Auch das Gedicht vom Tantenmörder aus der Feder von Frank Wedekind ist in Wolfs Buch „Bayerische Literaturgeschichte“ zu finden. Von den Tagen der Agilolfinger im 8. Jahrhundert bis zu dem Sprachvirtuosen Gerhard Polt reicht das Spektrum der dargebotenen und erläuterten Texte.

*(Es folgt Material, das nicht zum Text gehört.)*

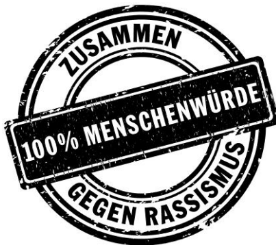
Logo: Foundation for the International Action Week Against Racism

The International Action Week Against Racism is a nationwide event series for solidarity with the opponents and the victims of racism. In November 2016 the mayor of Dresden, Dirk Hilbert called on the people of Dresden to participate in the event series in order to “show what the majority of Dresdeners stand for: A peaceful cohabitation and solidarity in a city where all its inhabitants, regardless of their national, cultural, religious or social affiliation, can lead a secure life in dignity and justice.” The result is a versatile programme. Please find more detailed information on the event at www.dresden.de/iwgr
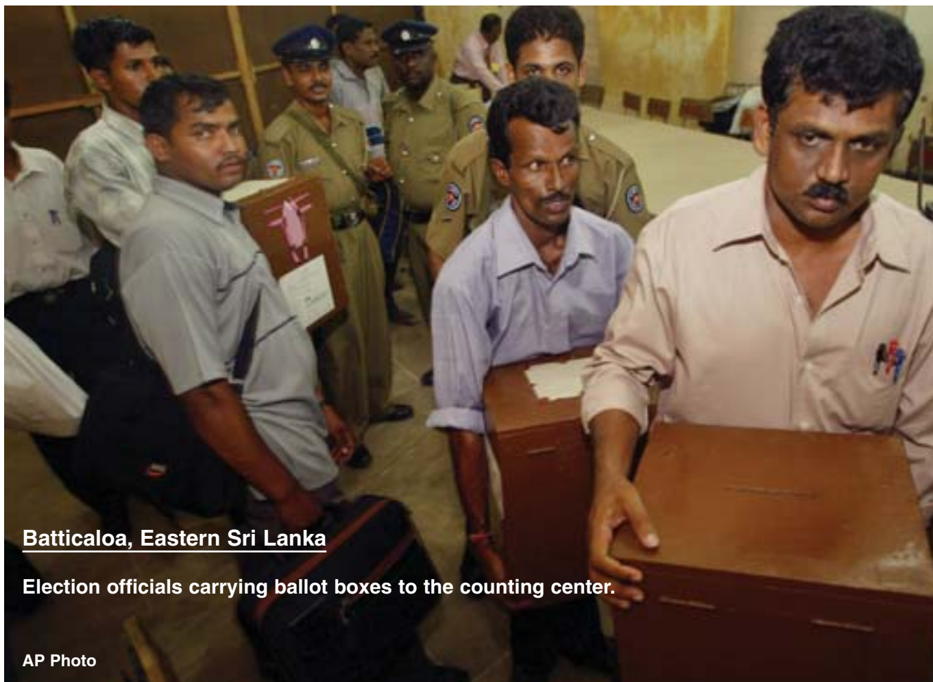
Batticaloa, Eastern Sri Lanka

The United States funded a conference for Sri Lankan criminal justice personnel to enhance their professional capabilities to prevent the trafficking of women and exploitation of children. The Sri Lankan National Child Protection Agency and Embassy organized a conference that featured presentations by three U.S. Government criminal justice experts in the field.
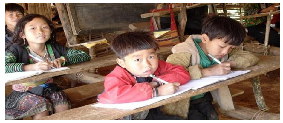
Sustainable development, a rich and complex concept, should be operationalized to give a safe and sound future for our children.

ment and serve as a driver for implementation and mainstreaming of sustainable development in the United Nations system as a whole.
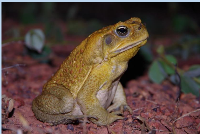
Cane toads sit up straight.
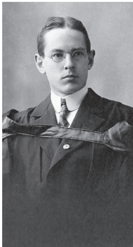
Mount Allison University Archives
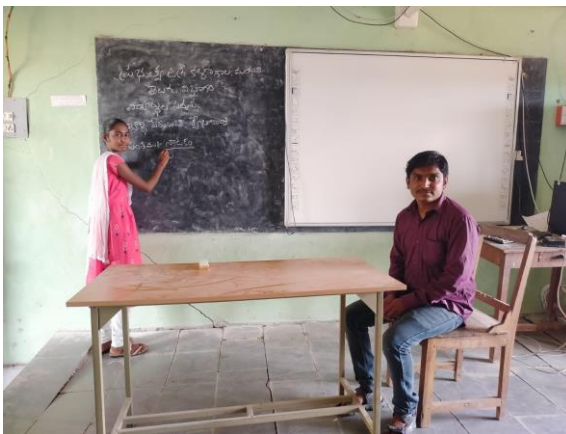
Dept of Telugu STUDENT SEMINAR
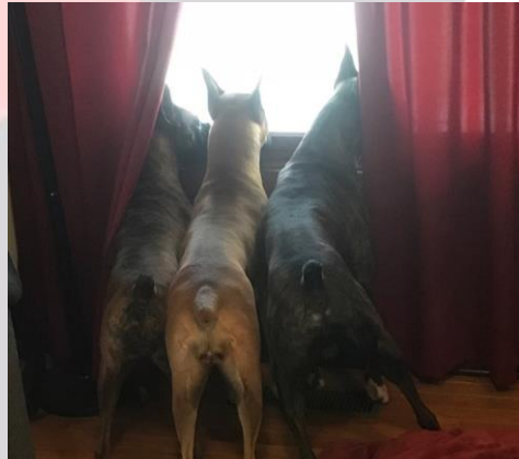
Boxer Butts...drive you nuts.... lol
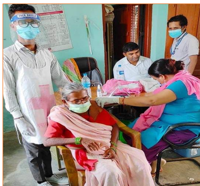
NRCS volunteers supporting in the vaccination campaign

During the orientation, more than 50 queries regarding vaccine were addressed.
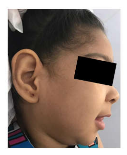
Figura 3. Facial photographs of patient with severe Microcephalyat 3 years and 6 months old. Pattern II, dolicofacial (aandb)
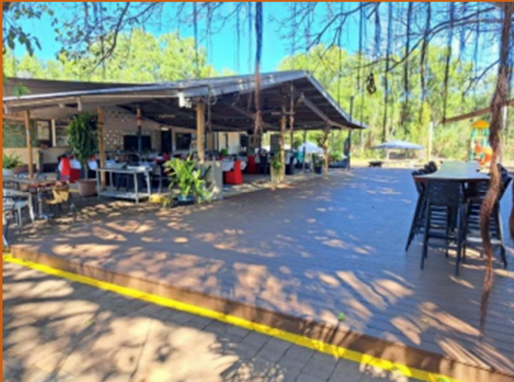
New decking at the Cox Country Club
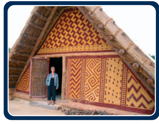
Reconstruction of one of the long houses from the settlement adjacent to the enclosure at Schletz. The decorative motifs and colours are taken from contemporary painted ceramics.

In the main building at Heldenberg is the museum exhibition. Using state-of-the-art technology one finds aerial photographs of startling quality, geophysical surveys draped over digital terrain models and one even finds one's hologram in the base of one of the deep ditches of the enclosures. Sunrises and sunsets over reconstructed entrances convincingly demonstrate the orientations of these monuments on the sun, moon and the Pleiades. To a student of British henges and timber circles, there is much that is familiar. The visitor is also surrounded by well displayed artefacts from the excavations and, most moving of all, the skeletal remains of their users. This is where these sites become sinister: many
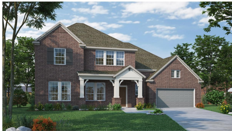
6564 DAL - B
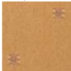
26/28035 khalyk yellow
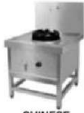
CHINESE COOKING RANGE
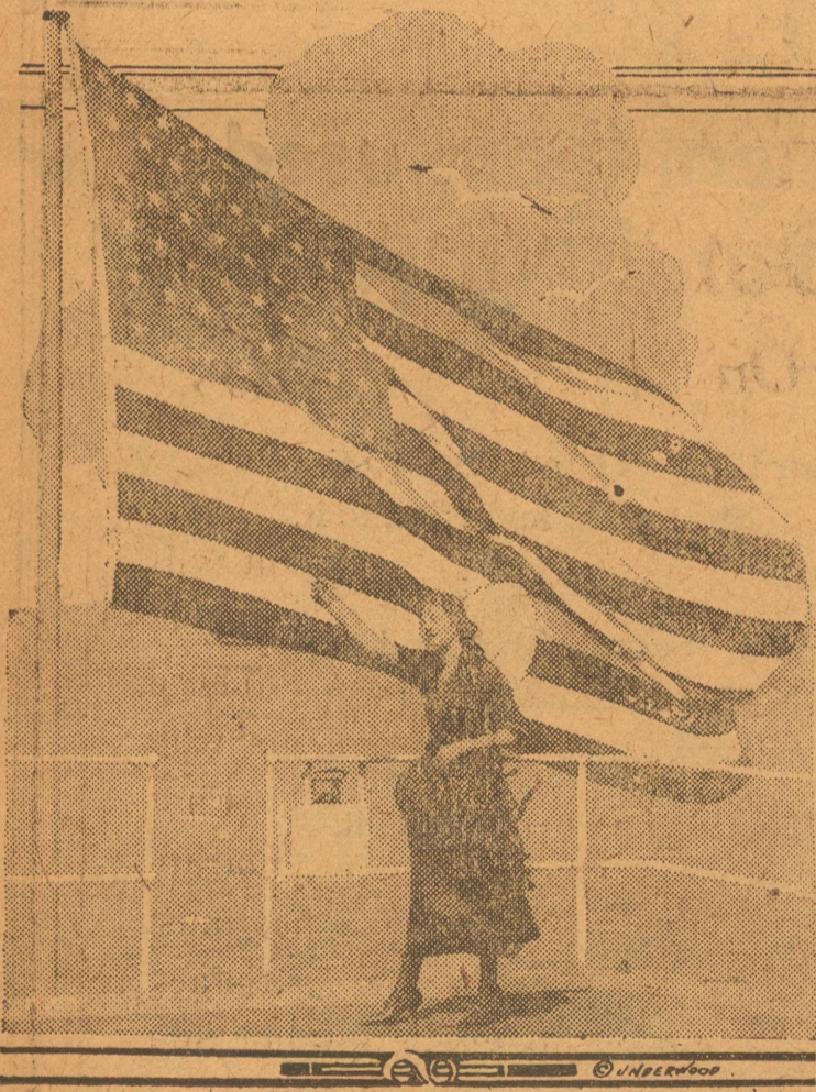
Proud passenger cheering as the "Panhandle State" leaves dock.

The "Panhandle State," said to be the first 100 per cent American passenger liner built in twenty years, recently began her first voyage to Queenstown, Bologne and London. She was built by the U. S. shipping board. Other "American made" liners are to follow. Heretofore all the liners have been foreign-owned.
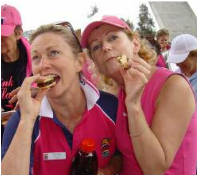
Below: Setting out the munchies
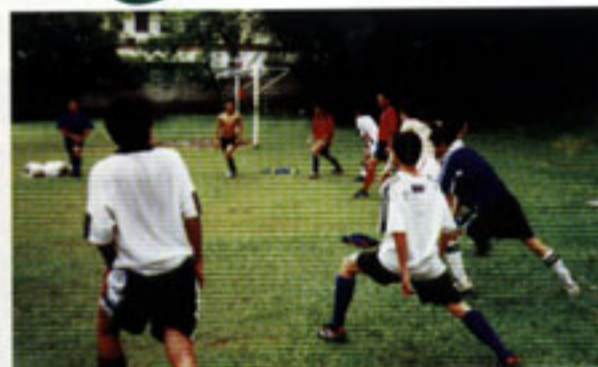
Look like serious stuff... isn't it?

The Stedfast Association Football Club (SAFC) was founded in the year 2000 but its foundations were built a long time before that. Starting from the year 1997, a group of BB Boys often communed in the MBS school field on Friday afternoons right after band practice to have a round of kickabout. Back then, there were no warm-ups or vigorous training sessions. We just came and 1...2...3...played football! After a while, due to complications and interference from the school authority we decided to shift the session to Sunday afternoons. This turned out to be a better choice, as most of the time our games would be uninterrupted and we could play until (literally) the sun went down. But after a while, some of us thought that this group could really go places, and we wanted to have a purpose and direction. True, we were having fun playing...but we wanted more.
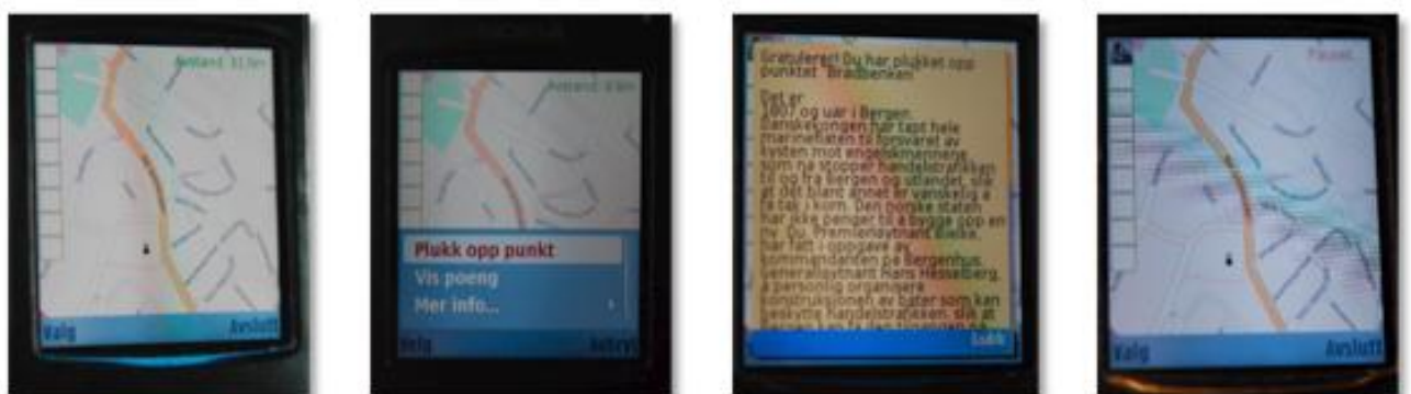
Figure 2. The mobile phone interface

The phone application (see Figure 2) interprets the data, and converts it into a game to be displayed on the phone. Displayed on the phone is the map, an optional marker displaying one's current position on the map, a track displaying the history of movement, and a bar (on the left side) displaying the icons of the places that the participant has visited. Additionally, there is a distance meter (shown in red numbers), displaying the remaining distance to the next location, which is updated every five meters. When the participant moves within a zone of 30 meters around the location, the numbers turn green, and they are permitted to 'pick up' the POI in the game. The zone of 30 meters around the location is a way of dealing with inaccuracies in creating zones in physical space by clicking on the map, potential obstacles in the physical space, and also the potential inaccuracies in GPS-data, which is contingent on several factors.
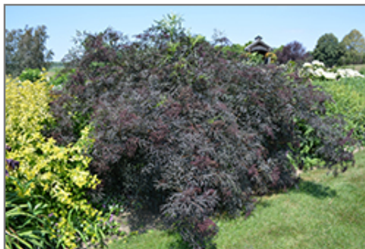
Black Lace Elder
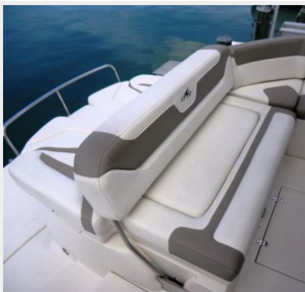
Sun Island Lounge
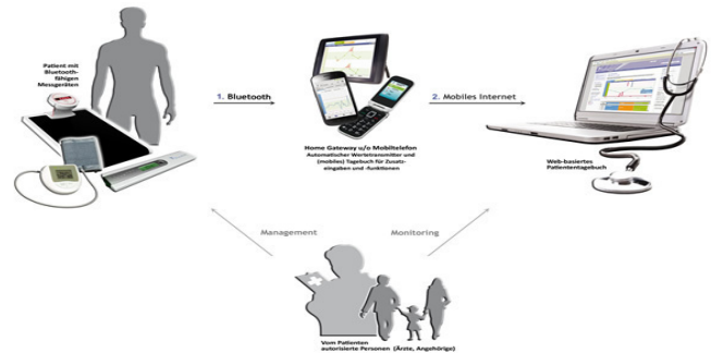
Fig 3: Health monitoring ( http://www.embs.org/ )

Examples of treatment by a wearable are insulin pump therapy for diabetics and a brain implant to facilitate communication with speech-incapable patients.
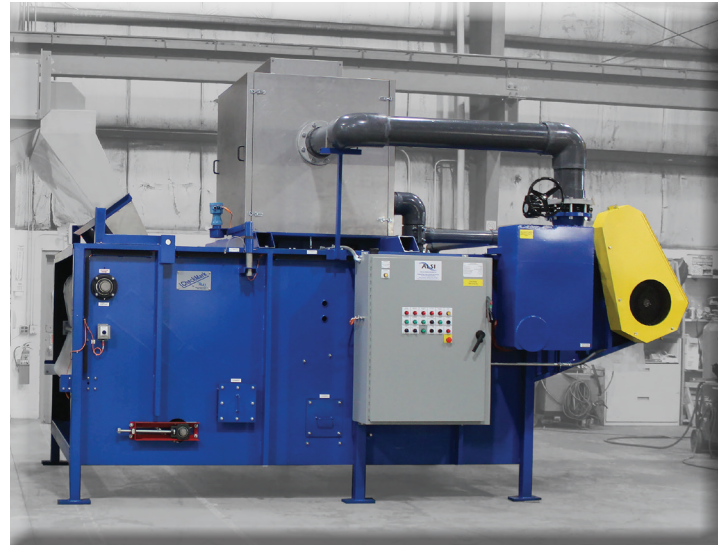
Single fan design (high volume, low temperature)

Optimize scrubber efficiency by capturing maximum solids in recirculation water thereby returning only clean water to paint booths. Dry sludge for recycling/disposal. Minimize paint booth downtime for cleaning.
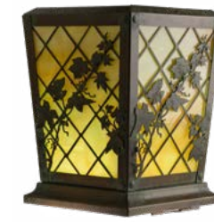
Lattice with Ivy
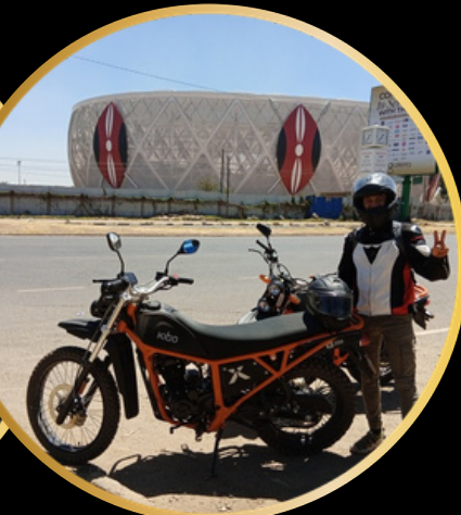
Talanta Sports stop

Rental Options: incase you want to upgrade the bike allocated during the tour.
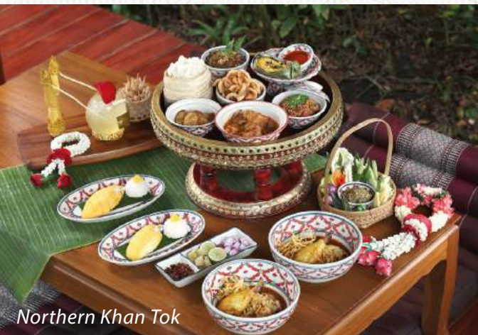
Northern Khan Tok

Available Friday to Sunday from 6:30pm to 9pm.
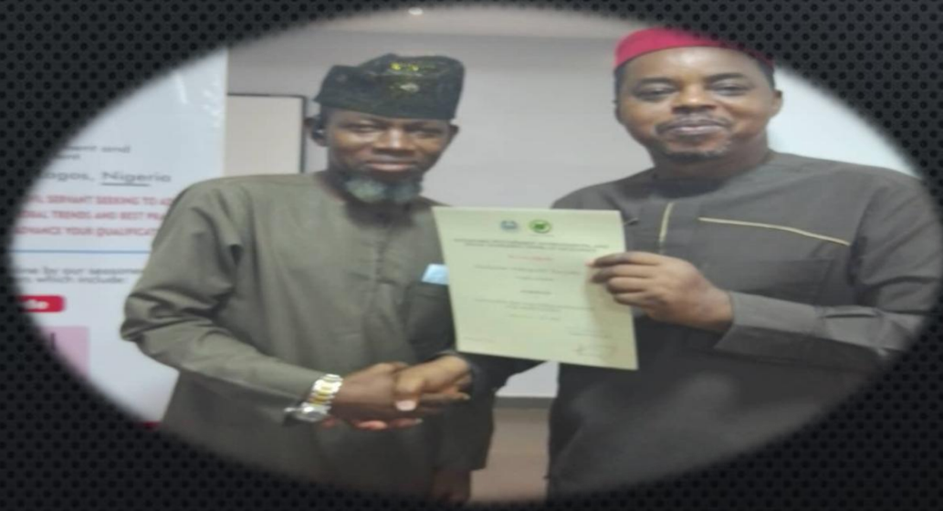
Presentation of certificates by the Centre Leader
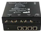
MultiView T4A Transmitter 400R2960
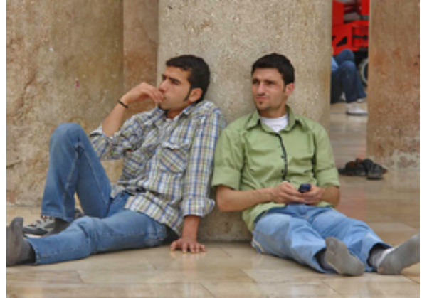
Unemployed men sitting in Damascus

Syria's unemployment rate is approximately 50-55%. By comparison, the 2010 rate was 8.6%. 119, 120, 121 During the first four years of the civil war, approximately 538,000 jobs were lost each year. 122 In addition to high unemployment, Syria is beset by a lack of skilled labor, as many who fled the country after the start of the war were professionals, skilled workers, and intellectuals. 123 In Damascus, the job market is severely affected by corruption and cronyism. 124

1300 Jahre Geschichte der Literatur auf dem Gebiet des heutigen Bayern werden von Prof. Dr. Klaus Wolf knapp, kundig und anhand vieler Beispiele vorgestellt. Die gut organisierte Themenvielfalt umfasst religiöse Literatur und mittelalterliche Heldendichtung – zum Beispiel das Hildebrandslied – ebenso wie die Literatur im konfessionellen Zeitalter mit Autoren wie Hans Sachs und Konrad Peutinger oder etwa Werken zwischen Türkenmode und Aufklärung beispielsweise von Johann Emanuel Schikaneder, dem Librettisten von Mozarts Zauberflöte, und ebenso Schöpfungen der jüngeren Geschichte und Gegenwart von Autoren wie Felix Dahn bis hin zu Herbert Achternbusch und Django Asül.

Es gibt viel zu entdecken, vielem wieder zu begegnen. Der Literaturprofessor hat unzählige Anregungen für neue Leseerlebnisse parat.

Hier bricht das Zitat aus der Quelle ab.